25 Issues in 30 Days at Mindee
When I started at Mindee, there was a backlog of documentation issues on GitHub that had been accumulating for months. The docs site had structural problems, SDK documentation was scattered across private repos, and there was no consistent format for release notes.
I resolved 25+ documentation issues in my first 30 days.
Clearing the Backlog
The backlog wasn’t just typos and broken links. It was structural issues: pages in the wrong sections, missing content for shipped features, SDK documentation that users couldn’t find because it lived in private GitHub repos. Each issue I resolved reorganised structure and improved usability across the platform.
Clearing the backlog quickly wasn’t about showing off. It was about building trust with the engineering team. When developers see that you understand the product well enough to fix 25 issues in a month, they start trusting you with the bigger architectural decisions.

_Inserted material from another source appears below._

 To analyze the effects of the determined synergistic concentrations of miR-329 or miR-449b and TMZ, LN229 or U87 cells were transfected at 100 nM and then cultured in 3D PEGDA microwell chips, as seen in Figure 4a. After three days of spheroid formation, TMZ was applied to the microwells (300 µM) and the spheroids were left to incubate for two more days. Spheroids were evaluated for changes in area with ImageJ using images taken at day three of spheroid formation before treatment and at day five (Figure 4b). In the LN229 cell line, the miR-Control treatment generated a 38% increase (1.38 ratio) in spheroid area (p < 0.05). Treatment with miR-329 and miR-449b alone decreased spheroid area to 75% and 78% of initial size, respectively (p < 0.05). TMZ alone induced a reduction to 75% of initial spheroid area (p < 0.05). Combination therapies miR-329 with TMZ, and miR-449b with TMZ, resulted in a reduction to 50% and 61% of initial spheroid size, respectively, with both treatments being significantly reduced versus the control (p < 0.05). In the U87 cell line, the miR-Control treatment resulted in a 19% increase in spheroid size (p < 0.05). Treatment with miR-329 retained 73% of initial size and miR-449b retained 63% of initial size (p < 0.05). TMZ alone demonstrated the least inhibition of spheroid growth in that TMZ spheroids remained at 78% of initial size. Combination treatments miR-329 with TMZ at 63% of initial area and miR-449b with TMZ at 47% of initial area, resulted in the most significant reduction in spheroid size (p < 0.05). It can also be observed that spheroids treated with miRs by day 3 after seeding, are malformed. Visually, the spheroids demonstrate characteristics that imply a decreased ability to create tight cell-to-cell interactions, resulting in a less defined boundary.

Migrating SDK Documentation
Mindee had Python, Node.js, and other client libraries documented in separate private repos that most users couldn’t even find. I migrated all SDK documentation into the main documentation site on ReadMe, creating a unified developer reference.
One place to find everything. That’s what developers expect, and that’s what they got.

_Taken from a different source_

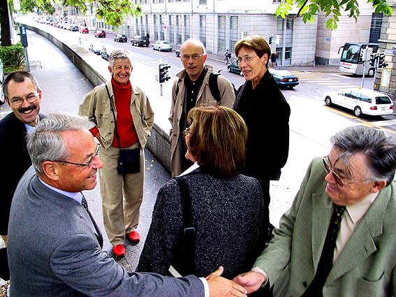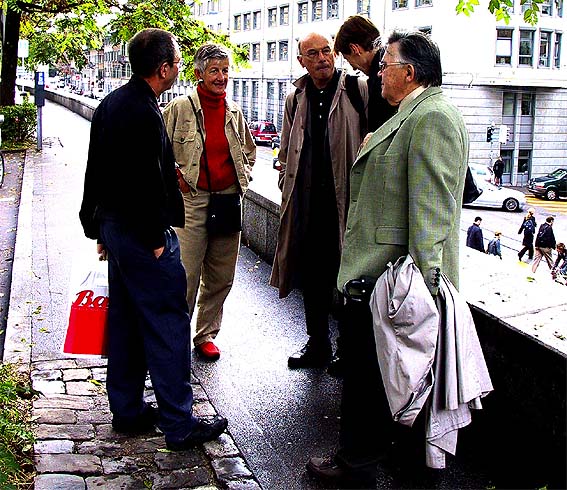 | Die ersten treffen im Hirschengraben ein! v. l. n. r. Werner, der Organisator, Monika, Hansruedi Madeleine und rechts aussen Hugo |

Validating the API Reference
For the API reference, I tested endpoints against the live ReadMe interface to validate parameter and schema information before publishing. This caught discrepancies between the spec and actual API behaviour that would have confused developers.
Documentation that doesn’t match the API is worse than no documentation. At least missing docs are honestly missing.
Creating a Release Notes Format
There was no consistent format for release notes. Release information was communicated informally or buried in changelogs. I created a standardised format that gave users a reliable way to track what changed across versions.
Monitoring Performance
Beyond writing, I monitored documentation performance using Google Analytics, ReadMe analytics, and Hotjar. The Hotjar recordings were particularly useful: you could watch real users navigating the docs and see exactly where they got confused, went in circles, or gave up.
Content Beyond Docs
I also authored product blogs, ran the company newsletter, and contributed to the overall content strategy. The work at Mindee was about establishing systems where there were none: formats, structures, workflows. And doing it quickly enough to keep pace with an active product team.